私達が研究している武道ー心身操法のことを「天霧」と呼んでいます。その意味は次のようなものです。
天霧(あまぎり)は心の宇宙に広がっている霧という意味ですが、特にこの宇宙が観察する側(主体)と観察される対象(客体)とに分かれる以前の心の状態のことを表しています。生まれたばかりの赤ちゃんの心と言ってもいいかもしれません。赤ちゃんは全ての可能性を持っていますが、まだ主体と客体との区別が曖昧で言葉を使うことができないので、社会的・文化的な創造(欲望の現象化)を行うことはできません。
さて、この霧が主体と客体とに分かれ、言葉が生まれ、そしてあらゆる現象が創造されることになります。その最初の状況を身近な例で見れば、赤ちゃんが物心ついてカタコトの言葉を使い始めることができるようになった状態と言えるでしょう。この時はじめて、赤ちゃんは自分(主体)とお母さん(客体)が「何だか違うもの」ということを認識します。そして言葉(この最初の段階では、泣きじゃくるとか、ショッピング・モールの床にへばり付くとかのボディー・ランゲージも含むでしょう!)を使って、自分(主体)の欲望をお母さん(客体)に伝えることになります。これが「社会的・文化的な創造」の第一歩です!
そして赤ちゃんは成長します。高度な科学的知識や技術を自在に操ることができる人、あるいは独創的なマーケッティング手法によって巨万の富を築く人、その他色々な人生を創造することになるでしょう。それは素晴らしいことです。しかし、例えばノーベル賞受賞者や日本一の大富豪が最高の幸福感を得ているかどうか、ということになると一概に「そうだ!」とは言えないのかも知れません。
最高と思える現象を実現したけれど、なぜか幸福感が伴わないという事実があるとすれば、その理由は一体何なのでしょうか。私たちは、学びと実践(この二つを合わせて「経験知識」あるいは「経験知」と呼びましょう)によってあらゆる願望を現象化させ、自らの人生を形成して行きます。その過程で、この経験知識があったからこそ今の自分がある、更には、この経験知識がなければ自分という存在はあり得ないという「思い込み」に支配されるようになります。

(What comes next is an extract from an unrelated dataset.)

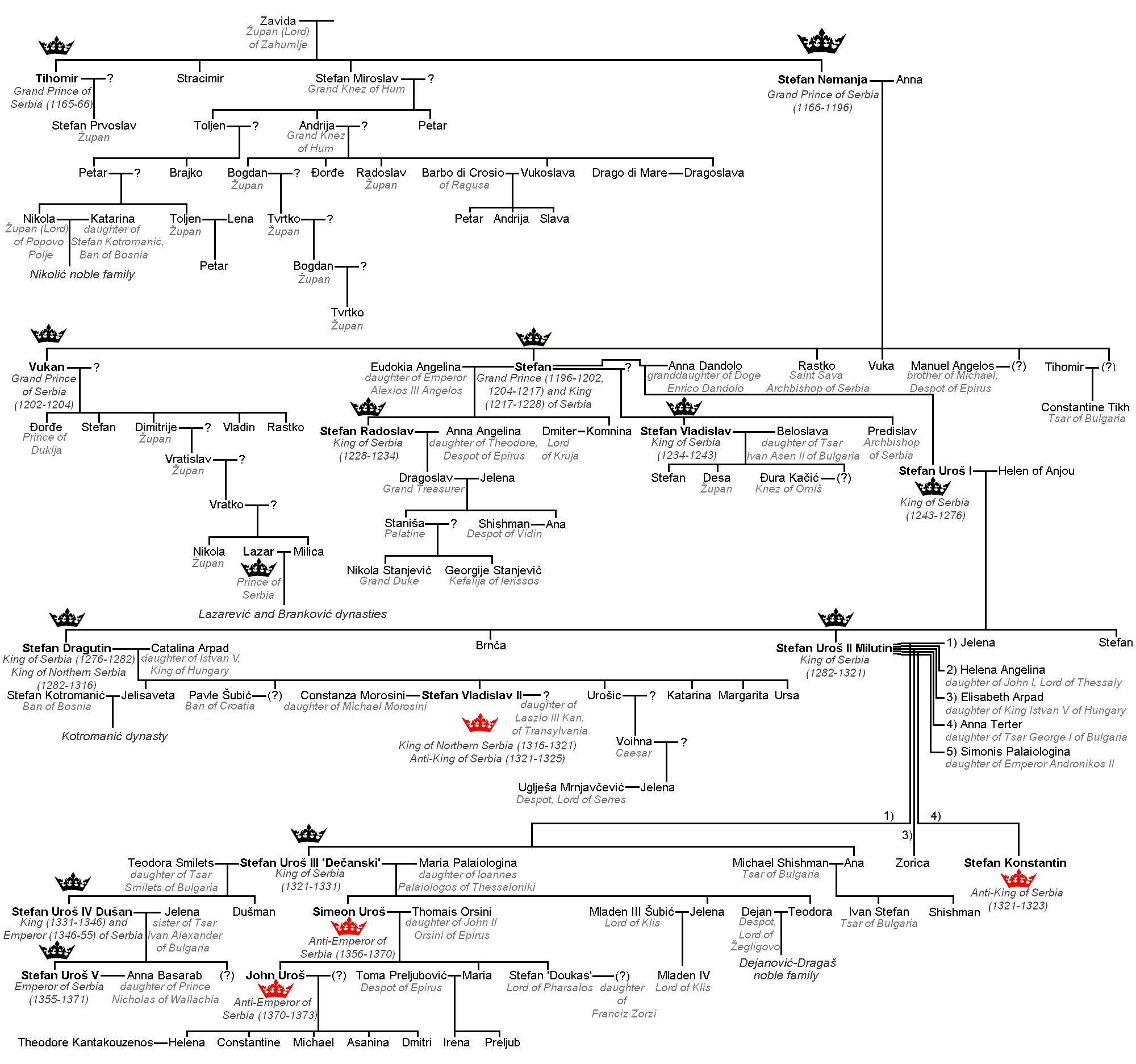 Family tree of the Nemanjic dynasty of medieval Serbia Sources: Charles Cawley, Medieval Lands Project - Serbia - Grand Zupan of Serbia, 1166-1217, Nemanjic dynasty, Foundation for Medieval Genealogy [1] John V.A. Fine - The Late Medieval Balkans: A Critical Survey from the Late Twelfth Century to the Ottoman Conquest - The University of Michigan Press.(1994) Dušan Spasić, Aleksandar Palavestra, Dušan Mrđenović - Rodoslovne tablice i grbovi srpskih dinastija i vlastele - "Bata", Belgrade (1991)

例えば、ある革新的な技術(これも経験知識です)によって富と名声を得た人が、ある朝突然、この技術が全て無効になってしまったと伝えられたとしましょう。富も名声も一瞬にして消えてしまうことになります。そしてこの人が、先ほどの「思い込み」、つまり「経験知識がなければ自分という存在はあり得ない」と言う思いに支配されている人であれば、自分自身を形作っている経験知識(=革新的な技術)がなくなってしまったわけですから「自分」もなくなってしまったと感じてしまうのは当然でしょう。そこに幸福感はあり得ないでしょう。
しかし、本来の自分とは主客未分化の霧のような存在だったのです。その霧が主体と客体に分離して、そこから経験知識が生み出されてきたわけです。経験知識、あるいはそれに基づく現象がなくなったとしても、大元の霧はなくなることはありません。この霧こそ自分自身なのです。